Publie le mardi 9 mars 2004 par Open-Publishing

Les 8 mars se suivent et se ressemblent, selon un rituel aussi immuable que
désolant. Chaque année, la Journée des femmes fournit l’occasion de mesurer,
de déplorer, de dénoncer les inégalités entre hommes et femmes, en
particulier les inégalités professionnelles d’autant plus criantes qu’elles
sont formellement interdites par les lois Roudy de 1983 et Génisson de 2001.
Chaque année, les pétitions de principe se multiplient sur la nécessité de
réduire ou, mieux, d’effacer ces disparités. Chaque année enfin, l’on
constate qu’en dépit de ces engagements solennels, la situation n’évolue
guère.

Le scénario est, à nouveau, parfaitement respecté. L’Insee vient de dresser
un constat sévère. Certes, l’univers du travail s’est fortement féminisé en
l’espace d’une ou deux générations : la France compte 12 millions de femmes
actives (46 % de la population active), soit 5,5 millions de plus qu’il y a
quarante ans.

Mais les femmes restent victimes d’une triple inégalité.
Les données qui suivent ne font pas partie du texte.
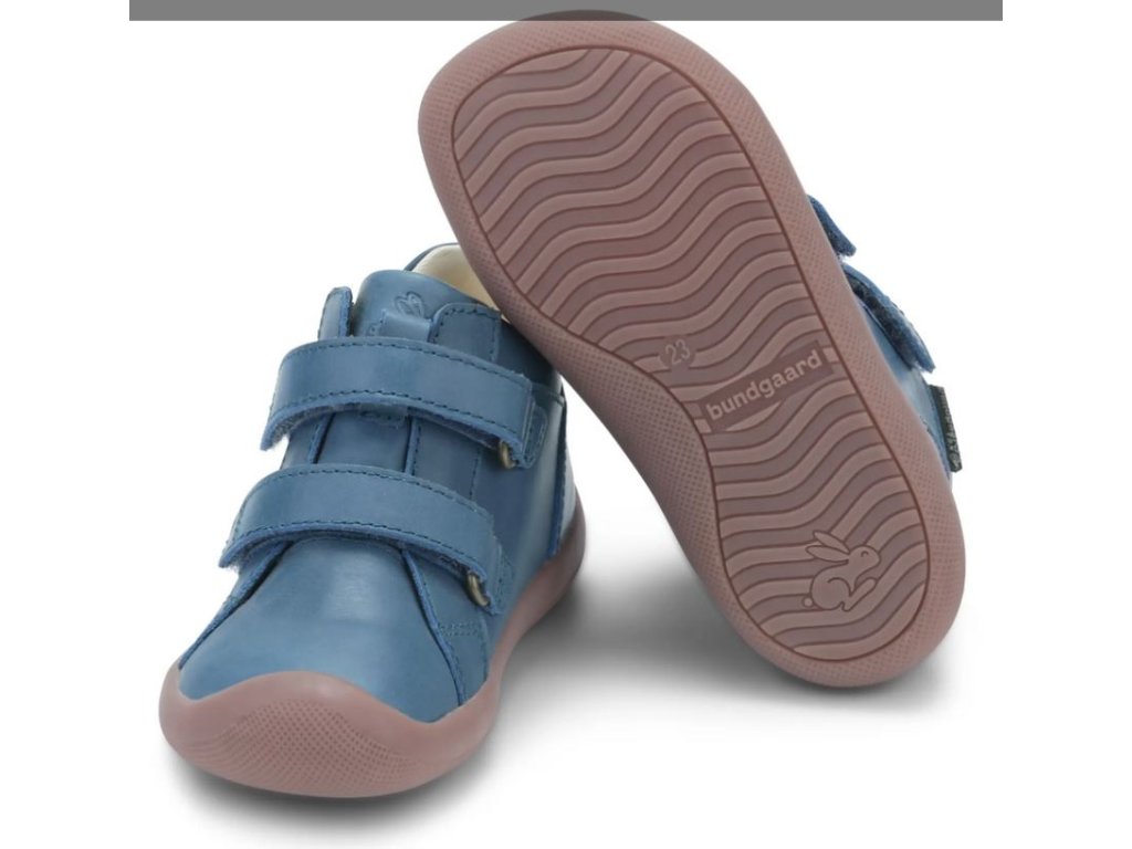 Celoroční dětské kožené boty od dánské prémiové značky BUNDGAARD. Bota má optimální tvar špičky a je vhodná i pro dominantní palec. Tento model má pevnější opatek v oblasti paty, patří do kategorie kompromis barefoot obuvi. Měkká a maximálně flexibilní podešev je opatřena protiskluzovým vzorkem a je přetažená přes přední část okopové špice, která chrání botičky před rychlým okopáním. Podešev na začátku působí tuhým dojmem, ale rozhýbe se. Bota je vyrobena z měkké přírodní kůže, která je barvena přírodními barvami. V botě je vyndavací kožená stélka, kterou můžete jednoduše vyndat a nahradit jinou, pokud by vám nevyhovovala. Zapínání na 2 suché zipy, které jsou předpřipravené pro zkrácení. Vhodné pro normální/užší nožičky. Prodyšná a nepromokavá membrána Bundgaard-Tex.

Tout d’abord dans l’accès au travail : cela fait des années que le taux de
chômage des femmes est de 2 points supérieur à celui des hommes ; de même,
près d’une femme sur trois occupe un emploi à temps partiel (contre un homme
sur vingt), le plus souvent subi et non pas choisi ; enfin, elles sont
particulièrement touchées par la précarité, puisque 80 % des Français qui
gagnent moins que le smic sont des femmes.

La deuxième inégalité se joue dans l’entreprise. Ainsi, l’écart moyen des
salaires entre hommes et femmes dans le secteur privé ou semi-public reste
depuis deux décennies de 20 % (10 % chez les journalistes du Monde) et les
fonctions hiérarchiques sont, pour les deux tiers, occupées par des hommes
(à cet égard, la rédaction du Monde n’est pas mieux lotie).

La troisième inégalité, enfin, porte sur la répartition du travail
"invisible", mais pourtant bien réel, des tâches domestiques. En dépit de
l’évolution du couple, les hommes continuent à y consacrer deux fois moins
de temps que les femmes (2 h 13 contre 4 h 36 en moyenne, selon l’Insee).

La situation est donc sans ambiguïté. Et le président de la République,
Jacques Chirac, est parfaitement fondé à vouloir faire de l’égalité
professionnelle entre hommes et femmes la "nouvelle frontière de la parité".
Comme est parfaitement légitime la "mobilisation générale" contre ces
discriminations, décrétée par Nicole Ameline, la ministre déléguée à la
parité et à l’égalité professionnelle.

Reste à y parvenir, au-delà de l’incantation. On en est loin. La parité
politique entre les hommes et les femmes, bien qu’inscrite dans la
Constitution depuis quatre ans, peine à entrer dans les faits quand elle
n’est pas obligatoire. La parité professionnelle se heurte à des inégalités
plus subtiles et redoutables, tant elles sont intimes, enracinées dans les
mentalités, inscrites dans la vie quotidienne au travail comme à la maison.
C’est pourtant bien l’application aux femmes des droits de l’homme qui est
en jeu. Il serait temps de l’admettre.